Leonardo’s Salvator Mundimakes auction history
The rediscovered masterpiece by the Renaissance master sells for an historic $450,312,500, obliterating the previous world record for the most expensive work of art at auction
On a historic night at Christie’s in New York, Salvator Mundi, a depiction of Christ as ‘Saviour of the World’ by one of history’s greatest and most renowned artists, sold for $450,312,500 (including buyer’s premium), becoming the most expensive painting ever sold at auction.
This stunning price reflects the extreme rarity of paintings by Leonardo da Vinci — there are fewer than 20 in existence acknowledged as being from the artist’s own hand, and all apart from Salvator Mundi are in museum collections.

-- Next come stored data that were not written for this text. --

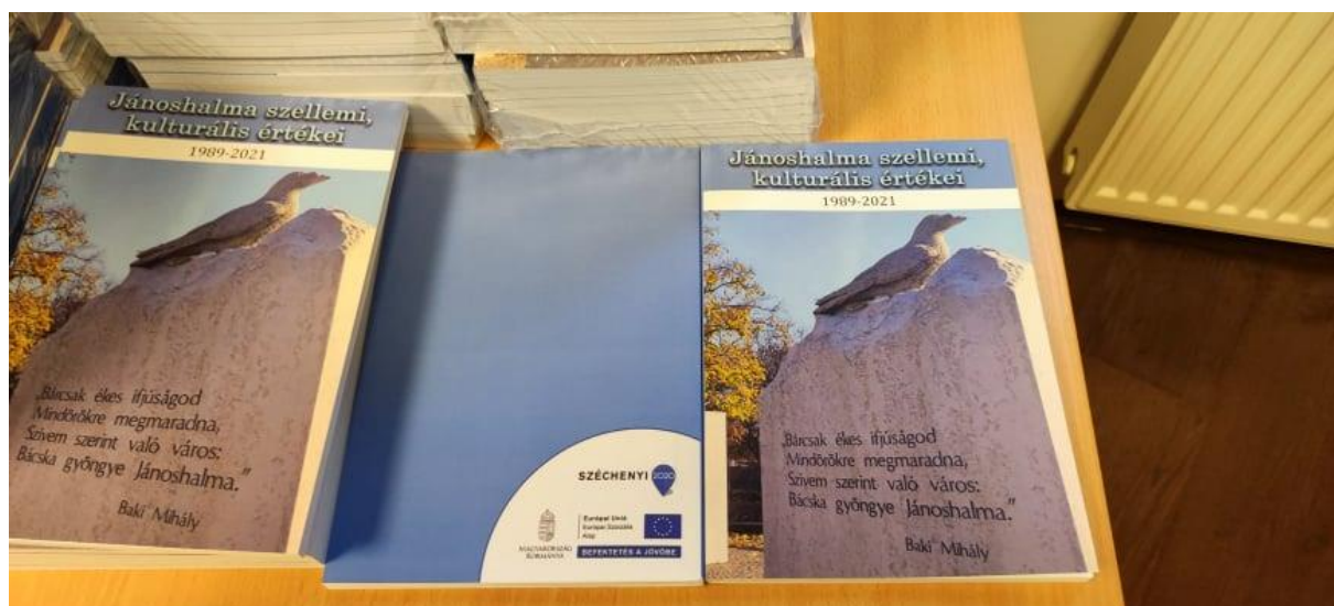
3. kép: A szellemi kulturális örökség feltárása keretein belül elkészült kiadvány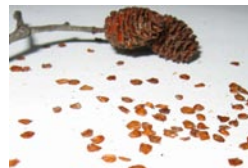
Семена и шишечки ольхи

Семена серой ольхи собирают вместе с шишечками в октябре или ноябре. При высушивании в комнате на второй-третий день из шишечки начинают выпадать семена.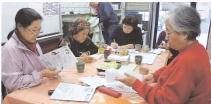
新聞作り。下の写真は『ねこのらくがき』

いろいろな自慢人もたくさん集まります。おしゃべりをしている事があります。その時は私の出番です。どうぞお入り下さい。一緒に日向ぼっこでもしましょうよ」と、お誘いするので近所の方は玄関先にお花を植えて下さい。ボランティアグループ「つぼみ」には、地域での見守り活動の依頼もきます。男性も気軽に来て欲しいと思っています。男の料理教室を開いたり、男性のボランテアにもこだわりたいです。まだまだ幼い私ですが、あなたが居てくれて良かったと言ってくれる人が増えています。私は思うんです。こんなゆつくりと日向ぼつこの出来る場所がたくさんあったらいいなあって、夢はいっぱい広がります。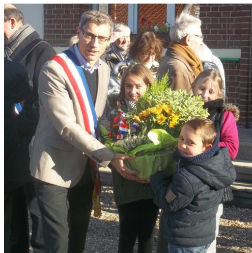
Félicitations aux enfants qui viennent fleurir le monument aux morts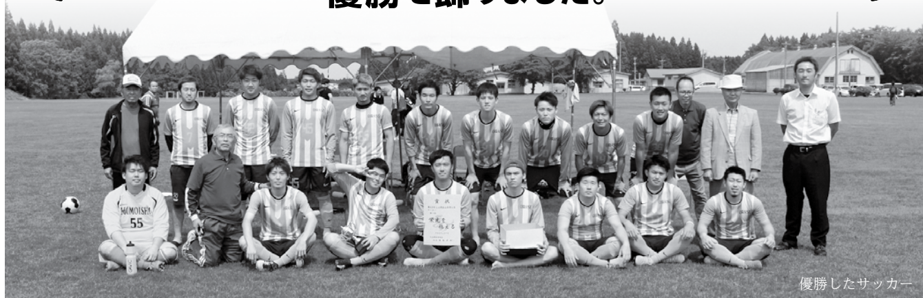
優勝したサッカー

おいらせ町の総合優勝は平成22年以來9年ぶり 種目別では、ママさんバレーボールが3年連続で 優勝を飾りました。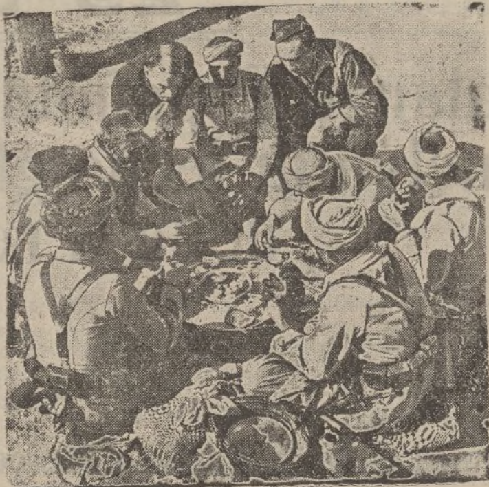
El almuerzo de los soldados moros en pleno campo de batalla.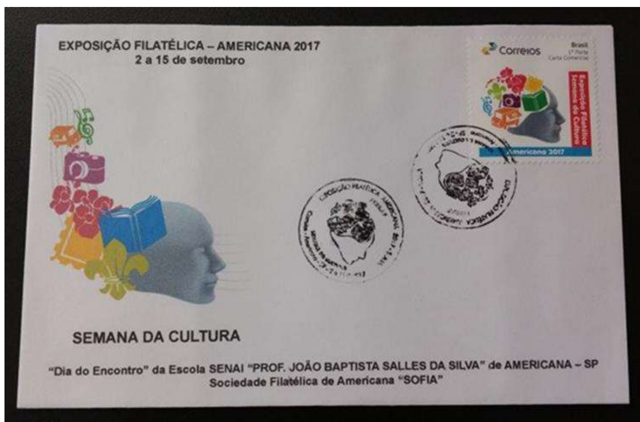
Modelo do envelope obliterado com o carimbo postal comemorativo e selo personalizado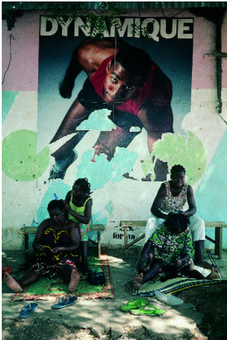
Der Alltag hat seine eigene Dynamik...

ten uns ein paar Velofahrer voller Gefühl die genaue Angriffsstelle, bei der Hunderte von Söldnern aus dem Tschad ihr Leben verloren hatten. Von denen, die gekommen waren, um Kabilas Truppen zu retten, waren nur die Knochen übrig geblieben.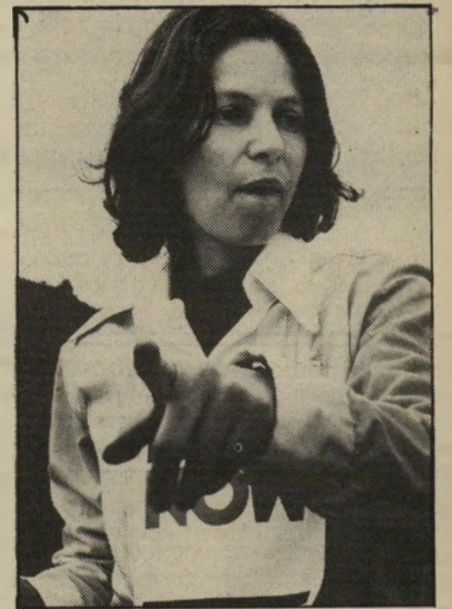
חוקרת גרין לאן נלך אנחנו?

...אמש במקום הזה היו הרבה הגלים אדומים (בוז) היום יש פה הרבה דגלי תבלת לבן (תרעות). זהו ההבל המזפרי, הדיספורי האיריאולוגי. בינינו לבין המערך הסוציאליסטי (בוז). הם עדיין לא למדו, מה מסמל הדגל האדום בתקופתנו. זהו הדגל של הטרור-נאציזם (בוז). אבל על הנאציזם לא אדבר הלילה. אדבר על הקימונים (בוז). זה הדגל של שיגאת ישראל. ואספקת נשק לכל אויבי ישראל מסביב (בוז). זה הדגל של רדיפת היהודים ורדיפת העברית. זה הדגל של מחנות ריכוז וריכוז הארם. זה הדגל של השיעבוד, של האובה, ואת הדגל הזה אמש הניסו אלה שהדבאו מכל קצוות הארץ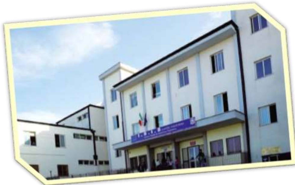
SEDE CENTRALE, VIA MAZZINI, 26

L'istituto si articola in due plessi, uno centrale con sede nel centro storico di Castel Volturno e l'altro a circa 10 km di distanza, nella località di Pinetamare. Ciascuna sede ospita sezioni dei tre diversi indirizzi di scuola.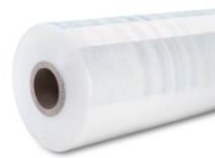
Tynnere og mer elastisk strekkfolie rundt paller Plastbesparelse: 25 tonn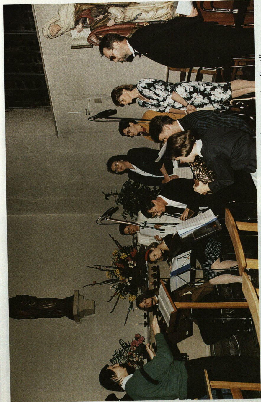
Eng ganz besonnesch feierlech Mass, gesongen an orchestriert vu Mëmberen aus eiser Famill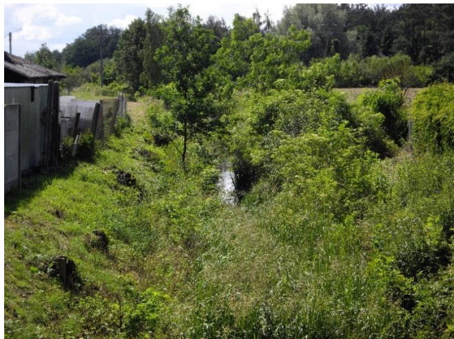
Zdjęcie 5 i 6 Rów odwadniający na obszarze opracowania

Na obszarze gminy poza doliną Bugu najczęściej gatunków zwierząt występuje w zbiorowiskach leśnych, będących najbogatszymi biotopami. Wśród ssaków wyróżnić możemy liczne gryzonie, takie jak: smużka leśna, mysz leśna, nornica ruda, a także nietoperze (np. mroczek późny) oraz niewielkie drapieżniki (np. kuna leśna). Przedstawicielami gatunków większych ssaków na terenie gminy są sarna europejska i wilk szary. Dodatkowo w lasach napotkać można zięby, rudziki i świergotki drzewne, a także dzięcioły, sikory i muchołówki. Natomiast otwarte przestrzenie uprawno-łąkowe, sprzyjają występowaniu ptaków drapieżnych, głównie myszołowów. Środowiska te sprzyjają również występowaniu gadów, takich jak padalec zwyczajny, jaszczurka zwinka czy żmija zygzakowata oraz gryzoni (np. mysz polna). Ponadto obszar gminy Dąbrówka charakteryzuje się bogatą fauną bezkręgowców, w szczególności pająków, a także motyli (np. czerwończyk nieparek, szlaczkoń szafraniec). Bardzo ważnym elementem świata żywego występującego na terenie gminy jest jedyne znane stanowisko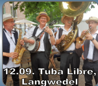
12.09. Tuba Libre, Langwedel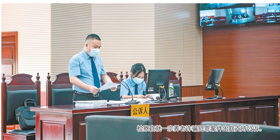
检察官就一宗养老诈骗犯罪案件出庭支持公诉。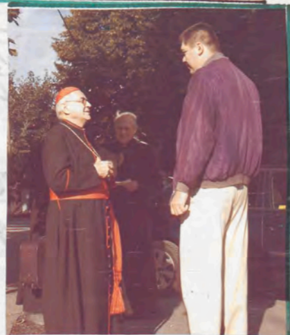
NÁVŠTĚVA KARDINÁLA MILOSLAVA VLKA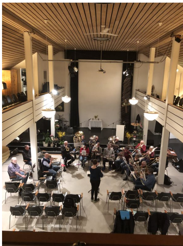
Øverlse i Elim bedehus

Vedtak om oppløsning skal oversendes (fylkesnavn) musikkråd, som ivaretar disponible midler inntil nytt råd kan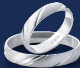
BFR99027 33,00 Ringweiten 50-70 Ringbreite 4 mm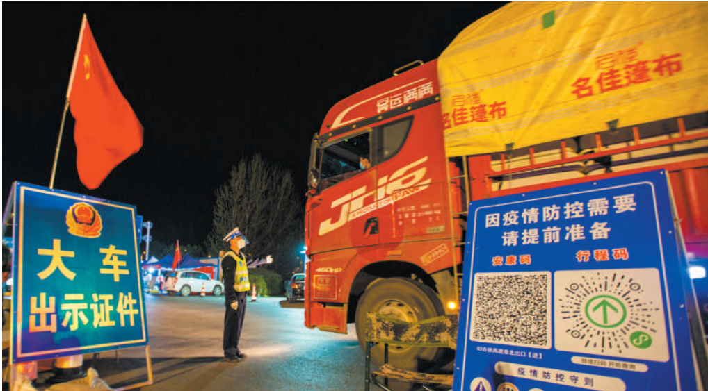
一等奖作品《我为党旗添光彩》。 作者 张红心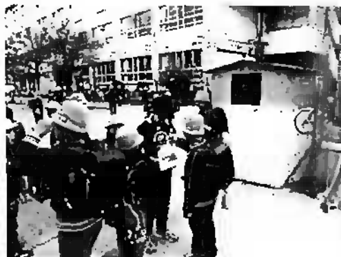
(募金中の代表委員)

代表委員のメンバーが交代で校門で募金を呼びかけました。学校の前マンションの方や通行中の方からも募金が寄せられました。子どもたちも大感激です。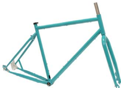
M5 STAHL RAHMEN + GABEL Disc only Rahmenhöhen: 480|520|560|590 mm Art.-Nr. M5RSD empf. VK: 699,00 €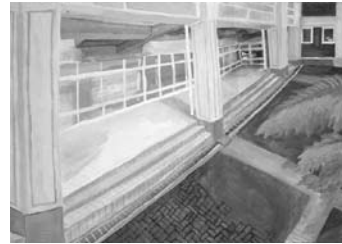
「曇りの中庭」 奥行きを出すのに構図を工夫しました。曇りの日の光具合を淡いイメージで描きました。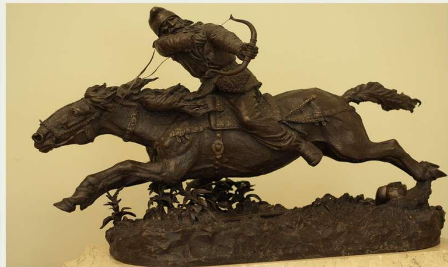
«Скіф», 1889 р. Російський музей.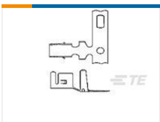
TE 产品编号3-770060-1 MINI AMP-IN PTLP/PHBZ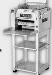
Cilindro Sovador Laminador

The global interest in a work that has been hailed as the greatest artistic rediscovery of the last 100 years saw a rapt audience of nearly 1,000 art collectors, dealers, advisors, journalists and onlookers packed into the main auction room at Rockefeller Center, with many thousands more tuning in via a live stream. Since the sale of Salvator Mundi was announced on 10 October at Christie’s, almost 30,000 people have flocked to Christie’s exhibitions of the ‘Male Mona Lisa’ in Hong Kong, London, San Francisco and New York — the first time the painting had ever been shown to the public in Asia or the Americas.